Abstract

Two-dimensional numerical modeling and geological and geophysical constraints from ancient and modern magmatic arcs demonstrate that magmatic heat advection is sufficient to produce low-pressure metamorphic belts in many areas, and that it is apparently necessary in some areas. In the western United States and other areas, regionally extensive low-pressure facies-series metamorphism (LPM) occurs where intrusions form >∼50% of the upper crust. Numerical models indicate that coalescence of thermal aureoles from multiple felsic intrusions can produce regionally extensive LPM where the abundance of intrusions exceeds ∼50%. This effect does not depend strongly on the rate of emplacement; LPM results even with complete cooling between intrusions. Models with geologically reasonable emplacement rates show that in an active magmatic arc, temperatures are near metamorphic maxima for only a small fraction of the time. Arc magmatism cannot sustain widespread thermal gradients of the magnitude indicated by the final distribution of LPM, a result consistent with heat-flow data in active arcs. Low-pressure metamorphic belts can thus develop through numerous local, short-lived metamorphic events while most of the crust remains considerably cooler. Metamorphic maxima largely depend on the biggest nearby intrusion; emplacement rates and other heat sources affect mainly the magnitude, not the distribution of metamorphism.

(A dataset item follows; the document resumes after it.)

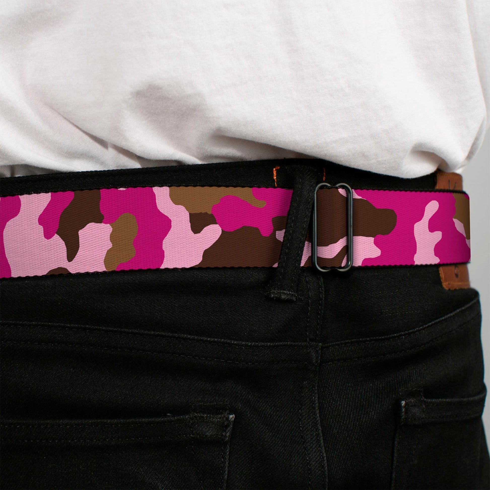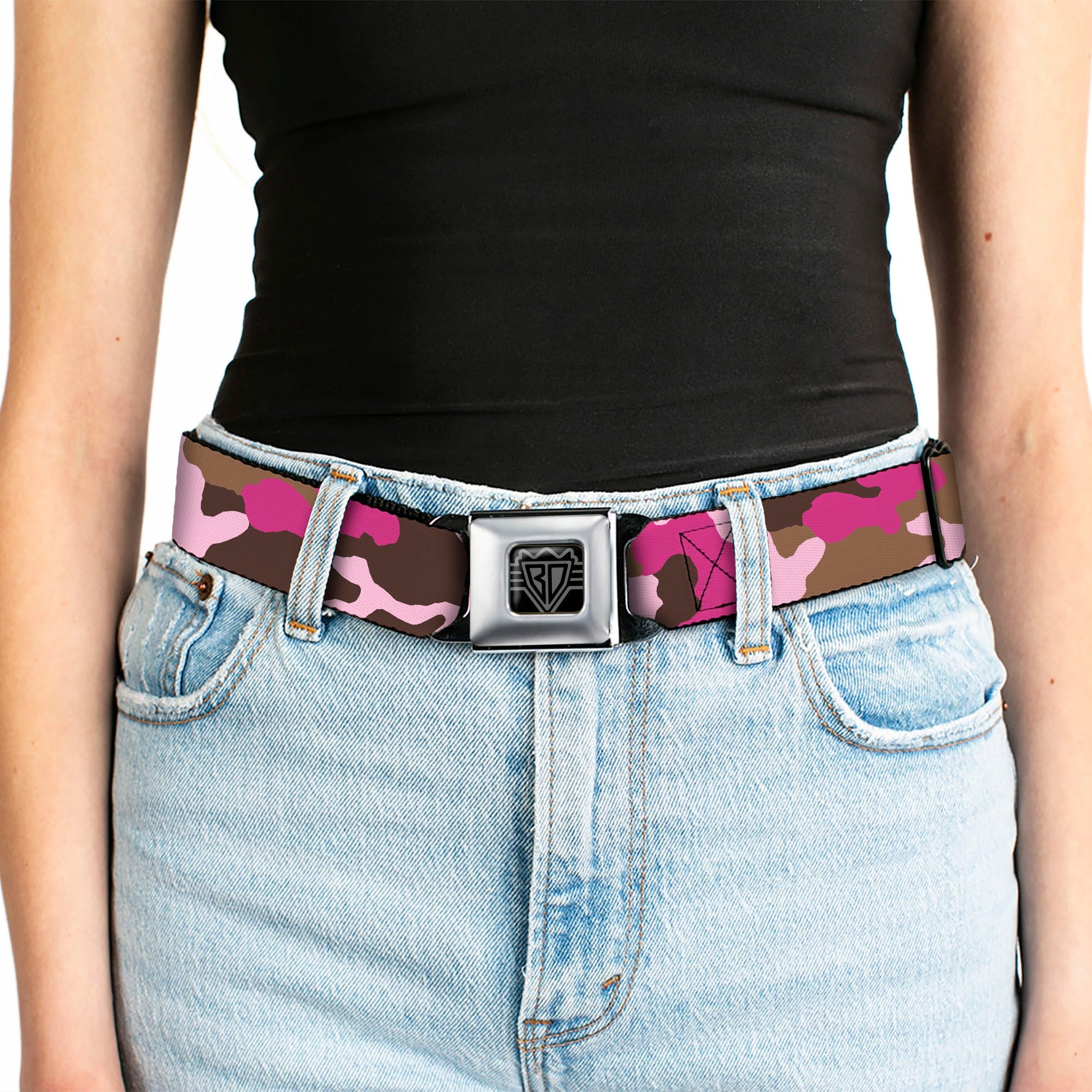 BD Wings Logo CLOSE-UP Full Color Black Silver Seatbelt Belt - Camo Pink Webbing

A simulation based on the distribution and U-Pb geochronometry of the composite Sierra Nevada batholith compares favorably with the observed distribution of metamorphic grades and temperature histories; coeval medium-pressure facies-series metamorphism to the east of the batholith requires a different mechanism. Predicted surface heat flow is qualitatively similar in magnitude and distribution to that measured in modern arcs. Sequential intrusions can produce brief (<1 m.y.) high-grade events after several million years of lower-grade metamorphic conditions, providing a mechanism for hornfelsic textures to overprint schistose textures formed during the same event. Alternative mechanisms for LPM include (1) rapid uplift during extension or following crustal thickening and (2) deep heat sources (including magmas). These mechanisms are inconsistent with the geologic record in areas such as the western United States, where large near-surface gradients, lack of requisite major (>10 km) uplift, and evidence for moderate over-all paleothermal gradients require high-level advection of heat. This model of relatively cool crust punctuated by local, short-lived thermal events differs significantly from the image of a broad, uniform thermal maximum that might be drawn from the spatial distribution of LPM; it has implications for crustal deformation igneous petrogenesis, and the interpretation of high metamorphic gradients in Archean terranes.